> _The data_:
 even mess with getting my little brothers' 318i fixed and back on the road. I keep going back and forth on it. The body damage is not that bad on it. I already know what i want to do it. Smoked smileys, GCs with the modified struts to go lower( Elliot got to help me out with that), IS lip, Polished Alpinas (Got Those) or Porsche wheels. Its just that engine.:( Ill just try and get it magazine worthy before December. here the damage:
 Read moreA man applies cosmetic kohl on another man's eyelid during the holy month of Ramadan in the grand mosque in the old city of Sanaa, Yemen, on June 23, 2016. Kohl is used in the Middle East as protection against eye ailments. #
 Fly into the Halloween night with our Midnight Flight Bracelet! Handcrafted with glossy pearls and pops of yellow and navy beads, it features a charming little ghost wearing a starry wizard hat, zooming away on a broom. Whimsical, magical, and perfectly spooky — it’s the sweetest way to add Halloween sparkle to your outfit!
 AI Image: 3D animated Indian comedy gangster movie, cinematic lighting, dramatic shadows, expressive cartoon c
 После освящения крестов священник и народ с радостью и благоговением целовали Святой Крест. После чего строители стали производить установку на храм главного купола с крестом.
--
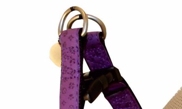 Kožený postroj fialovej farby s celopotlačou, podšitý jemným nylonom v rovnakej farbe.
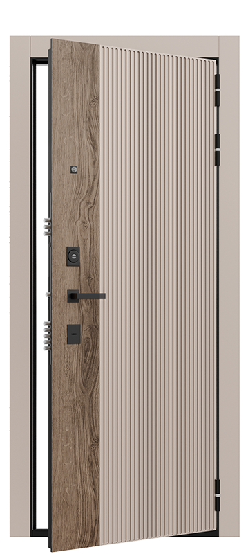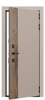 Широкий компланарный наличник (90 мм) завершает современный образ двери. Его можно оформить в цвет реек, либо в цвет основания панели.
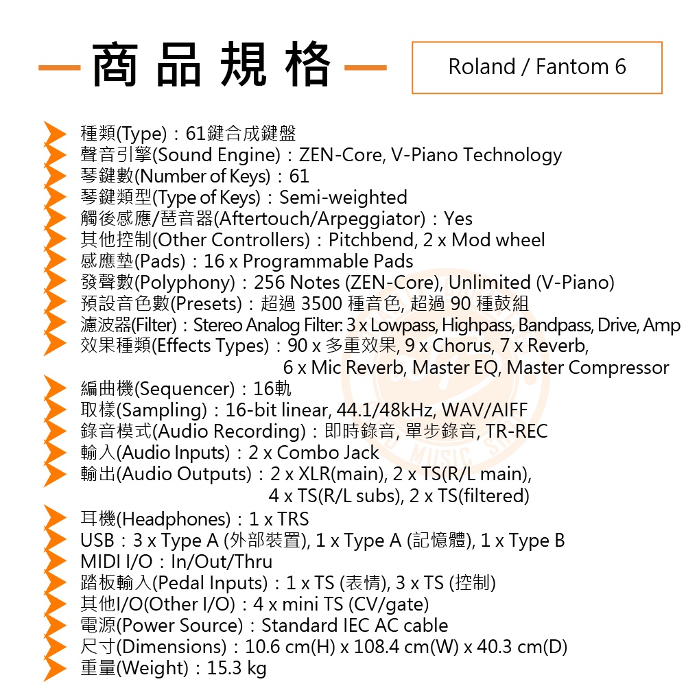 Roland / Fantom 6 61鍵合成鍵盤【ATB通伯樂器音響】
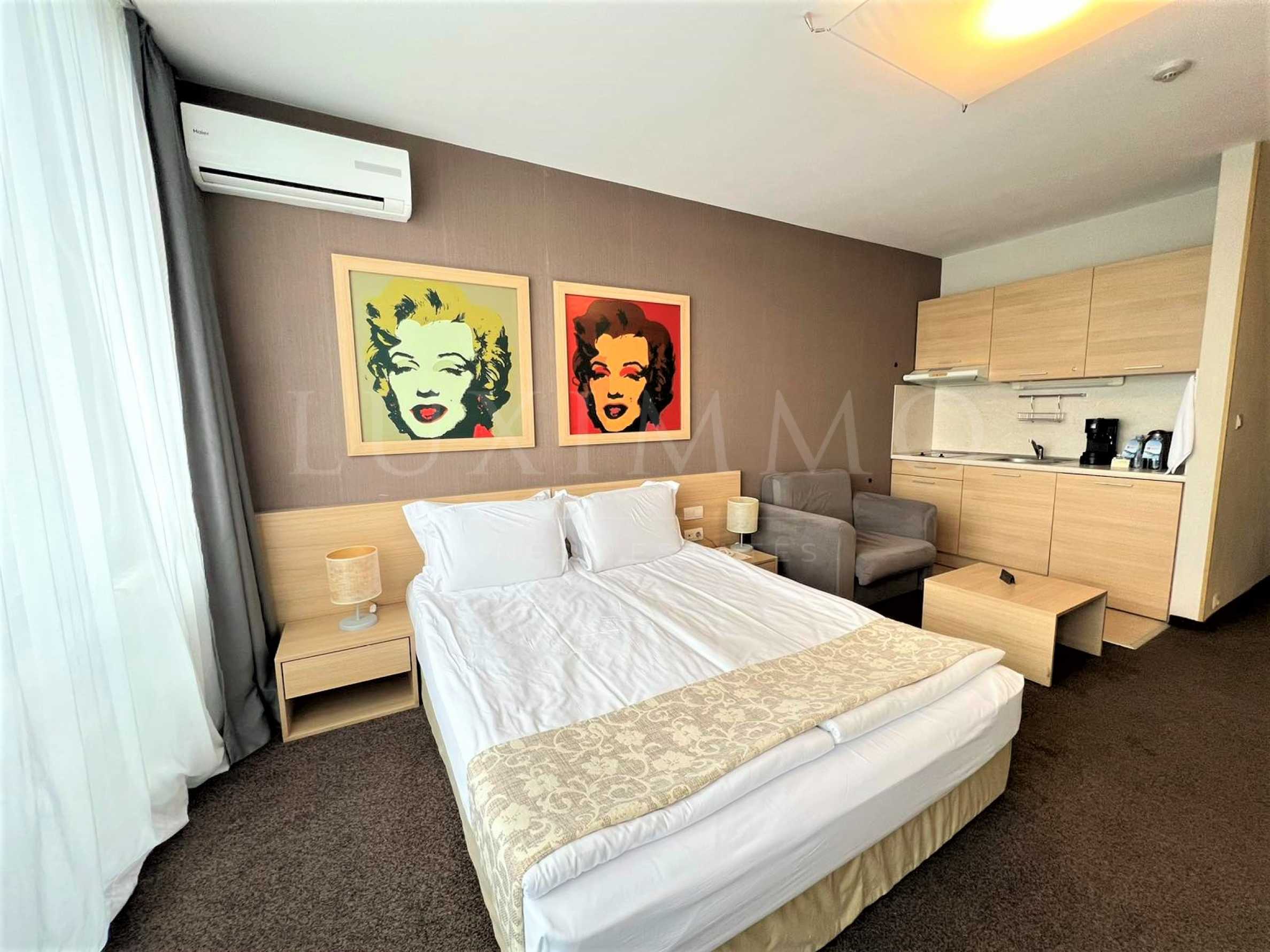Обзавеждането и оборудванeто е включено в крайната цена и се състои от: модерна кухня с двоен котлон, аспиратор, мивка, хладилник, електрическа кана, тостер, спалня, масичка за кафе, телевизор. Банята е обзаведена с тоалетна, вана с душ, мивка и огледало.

> _Exercise goal_: Starting with the line with "Fly into the" above and going on through the line with "После освящения крестов", transcribe every line exactly, both ends included, and add nothing.

> _Solution_:
 Fly into the Halloween night with our Midnight Flight Bracelet! Handcrafted with glossy pearls and pops of yellow and navy beads, it features a charming little ghost wearing a starry wizard hat, zooming away on a broom. Whimsical, magical, and perfectly spooky — it’s the sweetest way to add Halloween sparkle to your outfit!
 AI Image: 3D animated Indian comedy gangster movie, cinematic lighting, dramatic shadows, expressive cartoon c
 После освящения крестов священник и народ с радостью и благоговением целовали Святой Крест. После чего строители стали производить установку на храм главного купола с крестом.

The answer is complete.